(Dataset items)
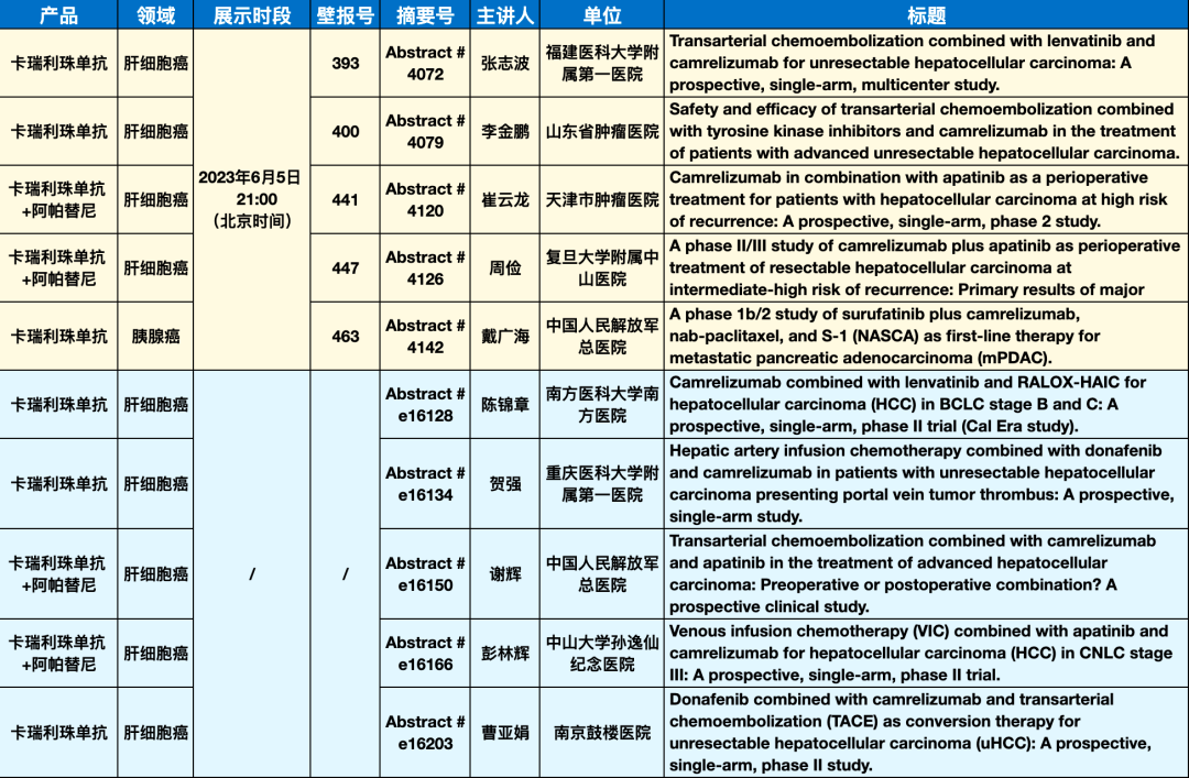 在肝胆胰腺肿瘤领域,卡瑞利珠单抗和阿帕替尼共有10项研究入选(包括5项壁报展示和5项线上发表)。
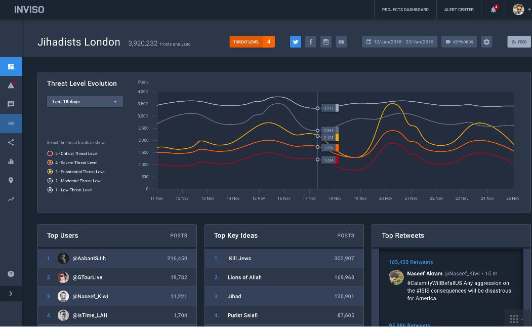 To detect propagation of terrorist beliefs, intelligence analysts need an intuitive solution to pinpoint radical content and potential radicalisation processes from huge, live and fast-moving social data of disparate media types and sources. This need is relatively new, and it yet has to be met by existing solutions. LEAs all over the world are beginning to take social data seriously, and started to incorporate intelligence gathered from social sources into their investigations as well as surveillance and prevention operations.
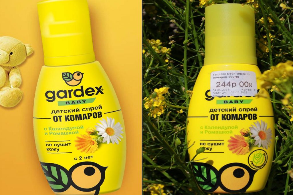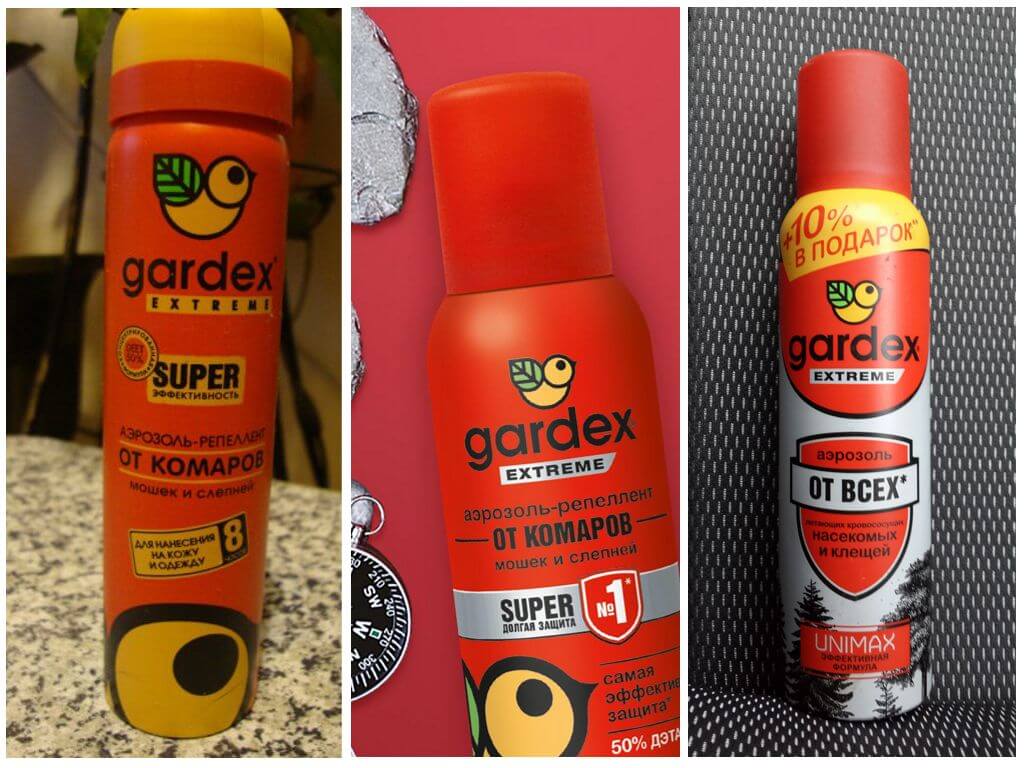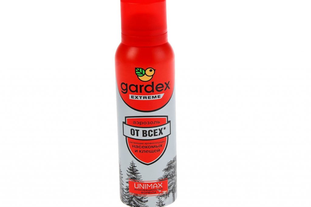 Аэрозоль Gardex Extreme, обеспечивающее защиту человека от летающих насекомых и клещей, – ярко-красный баллончик объемом 100 мл. Предназначен для нанесения на кожу и вещи из натуральных тканей. Срок действия – 5 дн. (от клещей на одежде), 30 дн. (от комаров) и 4 ч – при обработке кожи.
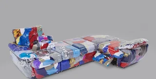 Это угловой диван с мягкими контурами. А чехол выполнен из прозрачного винила, который также получен в результате переработки – в ход пошли ранние работы Нуриева. Под прозрачной оболочкой отлично видна набивка – те самые дизайнерские вещи. В комплекте также идет декоративная подушка с логотипом Balenciaga.
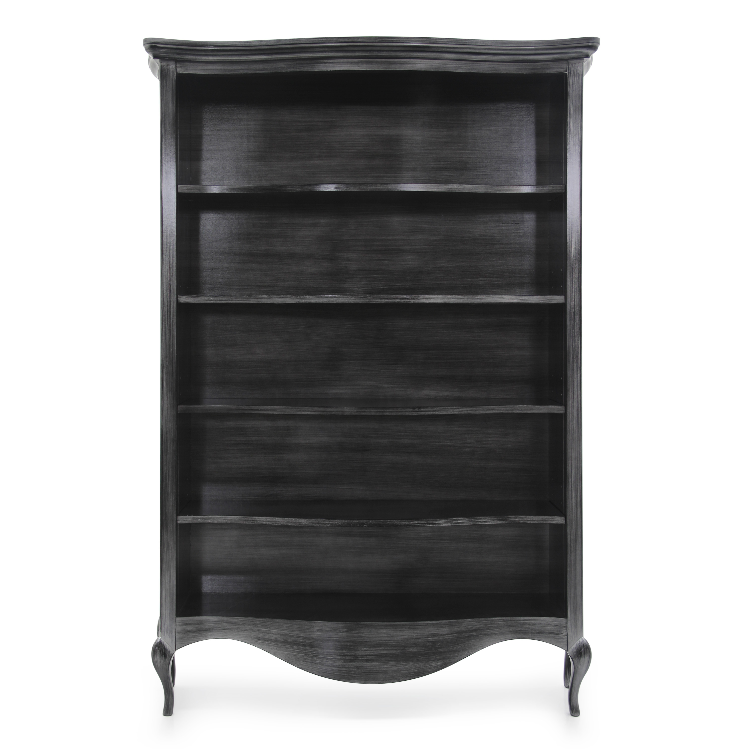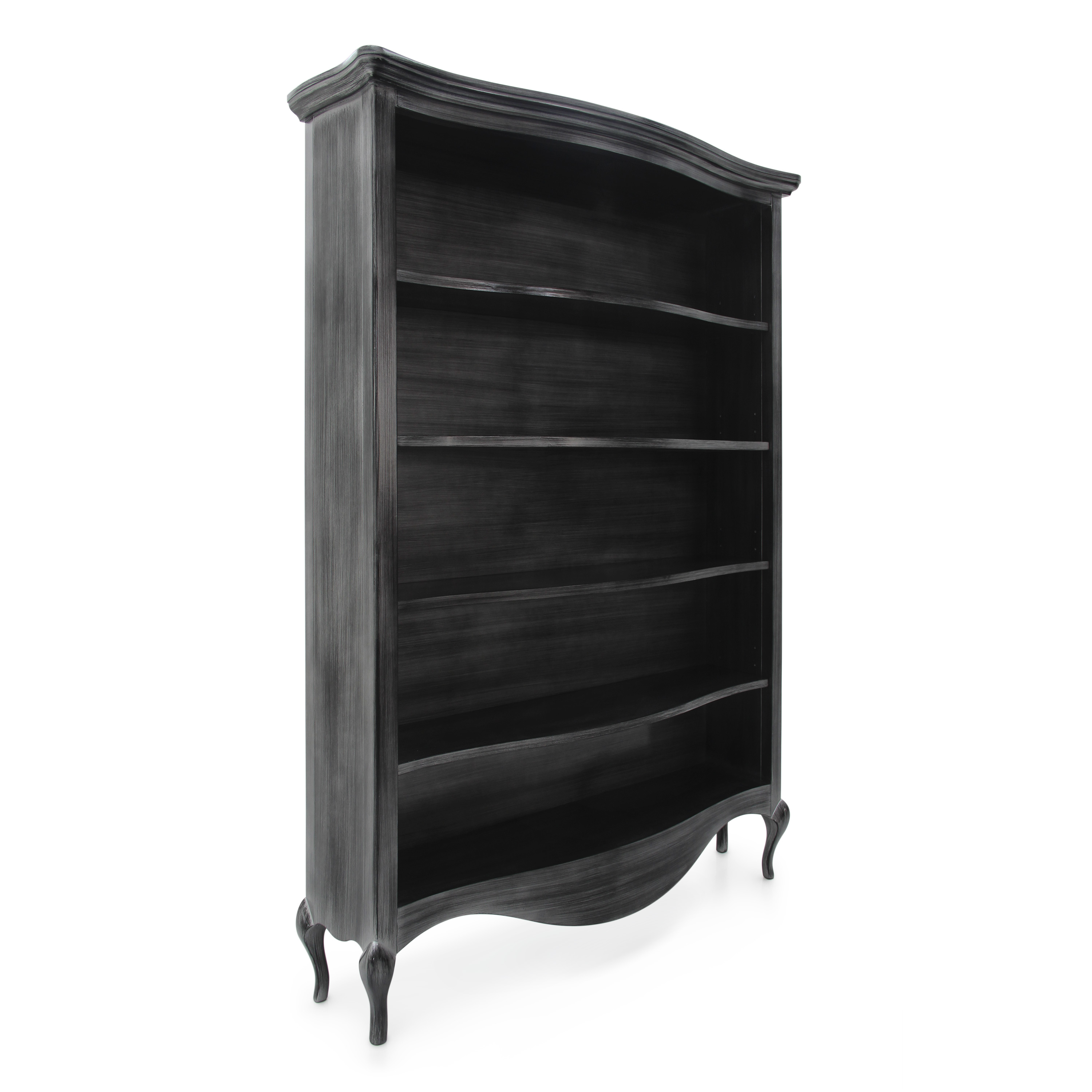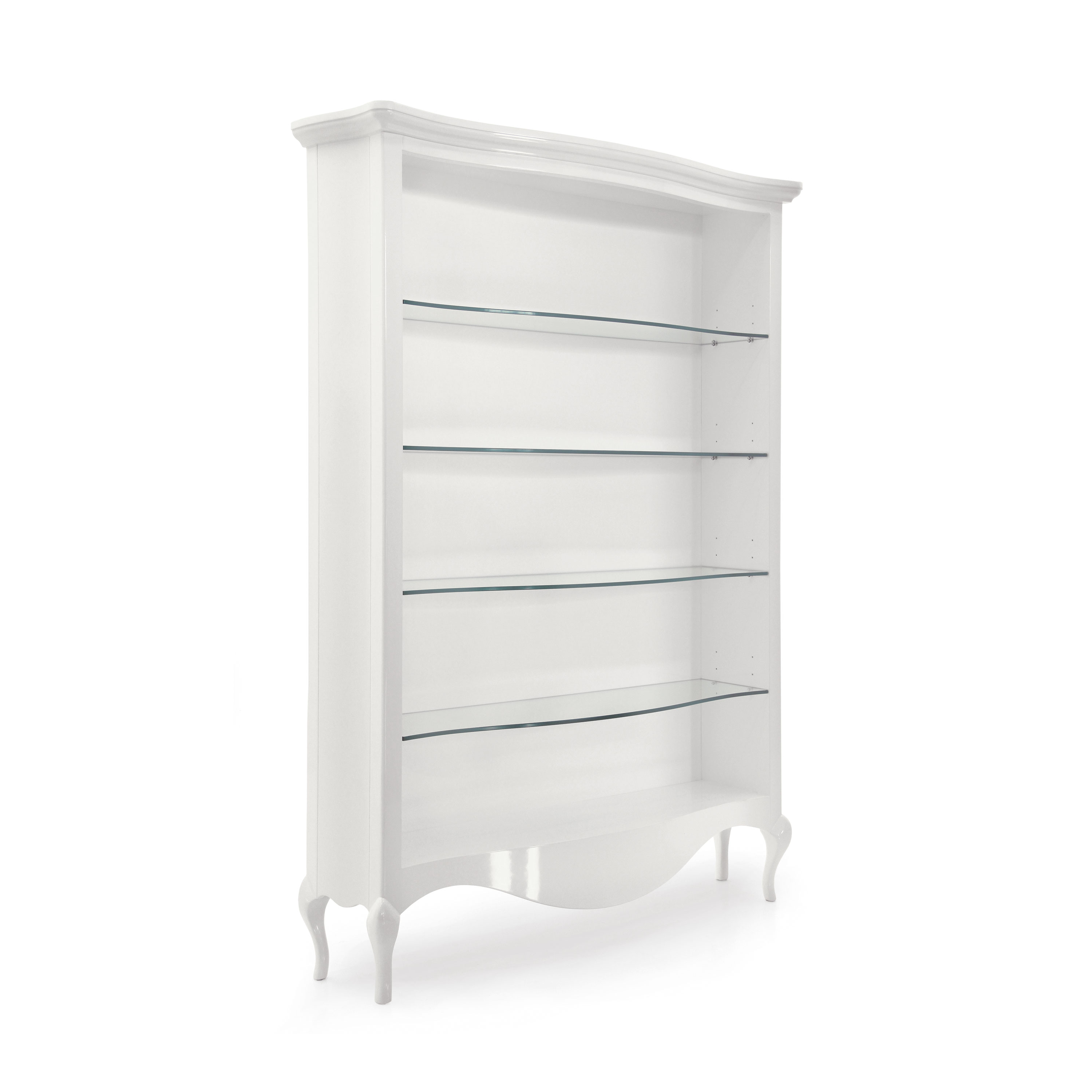 It features four shelves and can be enhanced with a glossy lacquer finish or with a gold or silver leaf finish.

[TASK TO COMPLETE] All lines from the one bearing "Это угловой диван" through the last line of the records, and only those, should be duplicated exactly; no picture belongs in the copy.

[ANSWER SPACE]
 Это угловой диван с мягкими контурами. А чехол выполнен из прозрачного винила, который также получен в результате переработки – в ход пошли ранние работы Нуриева. Под прозрачной оболочкой отлично видна набивка – те самые дизайнерские вещи. В комплекте также идет декоративная подушка с логотипом Balenciaga.
 It features four shelves and can be enhanced with a glossy lacquer finish or with a gold or silver leaf finish.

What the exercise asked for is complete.